This study demonstrates that in an unselected patient cohort, recovering from COVID-19, cardiac abnormalities on CMR were not infrequent, although generally mild, with late gadolinium enhancement present in only 2.2% and abnormal LVEF in 17.4% of patients, despite 83% of patients reporting persistent symptoms. In terms of the aetiology of these findings, while causality cannot be inferred, they might conceivably be a consequence of COVID-associated myocarditis18. However, given the propensity for pro-coagulatory states in the setting of COVID-19, they may also be a consequence of COVID-19 related myocardial infarction, microvascular thrombosis, or endothelial inflammation related to COVID-1919,20. There is also the possibility of an association with COVID-19 induced Takotsubo cardiomyopathy, although this seems less likely21. The presence of a pericardial effusion likely signifies an association with generalized inflammation, not necessarily specific to myocarditis, but may often be seen in this setting. Markers of coagulation and inflammation remained elevated in a significant number of patients at a median of 189 days since their index diagnosis. Overall, these findings are in keeping with the fact that COVID-19 may be viewed as an endothelial disease2224.

Strengths and limitations

This is the first prospective study in an Irish setting on patients with a COVID-19 infection who underwent evaluation for cardiac abnormalities. It has the advantage of integrating a quantification of symptom burden, biochemical and immunological markers with CMR data, allowing for the assessment the effects of COVID-19 in several domains. Furthermore, to our knowledge, it is the only study of its kind involving patients identified through primary practice, rather than in an in-patient setting. This is significant as there may be marked differences between those patients who required immediate hospitalisation for COVID-19 compared to those who did not, or ended up being admitted at a later date.

Nonetheless, our study has several limitations.

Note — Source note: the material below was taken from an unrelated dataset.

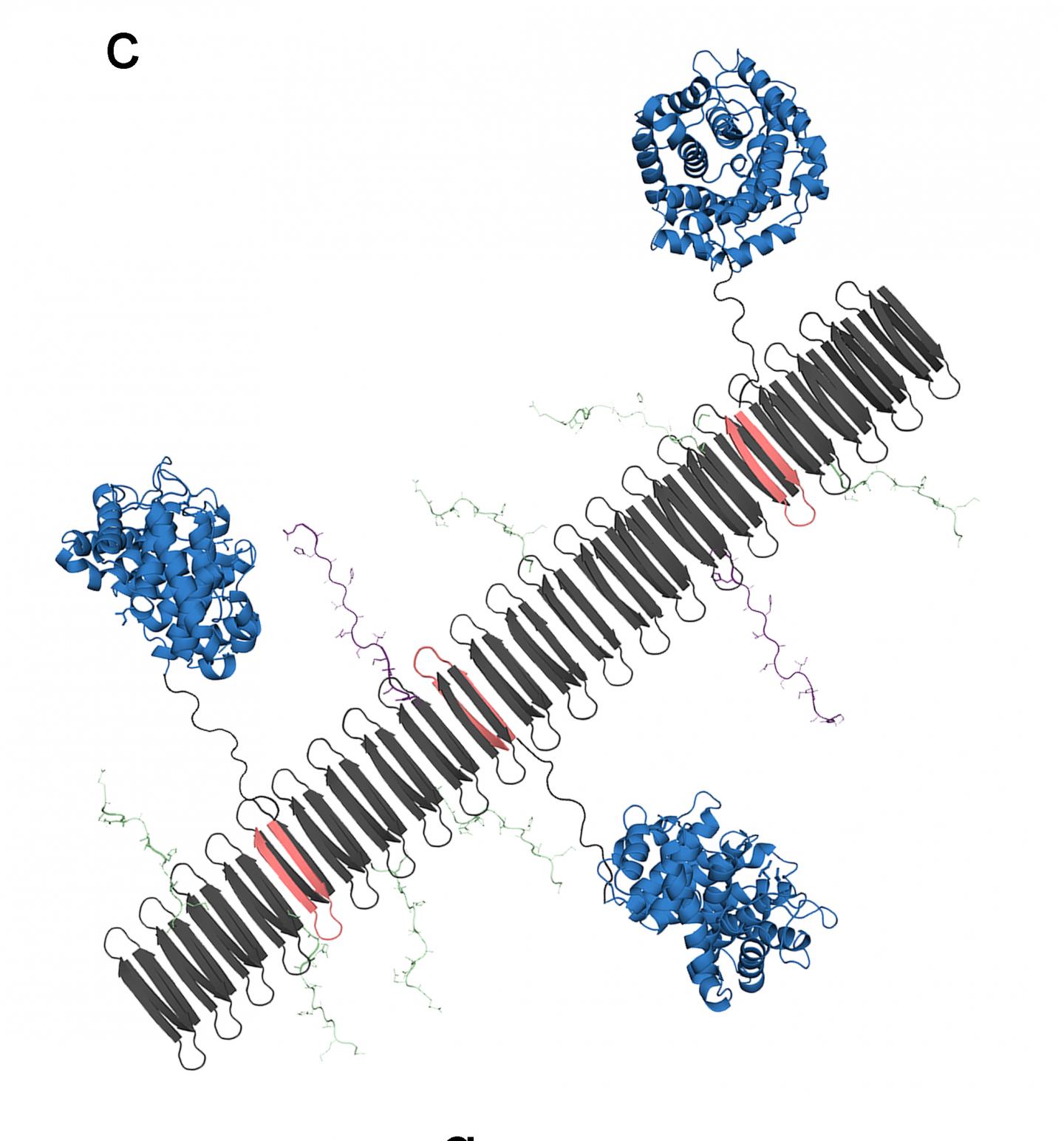 image: A graphic of a supramolecular peptide nanofiber bearing complement protein C3dg (blue), B-cell epitopes (green), and T-cell epitopes (purple).

Firstly, although primary care centre records were used to identify consecutive patients who have had SARS-CoV-2 infection, it was the patient’s decision to undergo enrolment (or not). While selection bias for inclusion is less than in studies enrolling patients referred to hospital for assessment, patients with persistent or troubling symptoms were more likely to be interested in taking part, and the frequency of patients with persistent symptoms thus may be overestimated. The magnitude of this overestimation is likely to be at least moderate25. Secondly, lack of baseline pre-COVID-19 imaging or laboratory tests for context constitutes a major limitation. We cannot provide information on the change of a parameter over time, or whether it was elevated prior to, or at the time of the index COVID-19 infection. Thus, in the context of this observational cohort study, causality cannot be inferred. Of note, this is, however, similar to the approach of Puntmann et al.9, whose findings we sought to replicate and given the fact that by design, our recruits were healthy volunteers from primary practice, it would not be expected that these patients would have undergone extensive cardiac testing in the past. Furthermore, our study had no direct control arm, and comparison of our patients directly against healthy controls would have been ideal. However, age, sex and MRI scanner specific data from the general population was used to generate the reference range for native T1 and T2 values, in order to mitigate the effects of this issue to some degree. Furthermore, due to the evolution of the COVID-19 virus and the interval development of several new variants, the current relevance of this data relating to infections from the time period of February–September 2021 is less clear. Thirdly, the study cohort was relatively homogenous in terms of ethnicity and age, where a majority of participants were Caucasian and relatively young.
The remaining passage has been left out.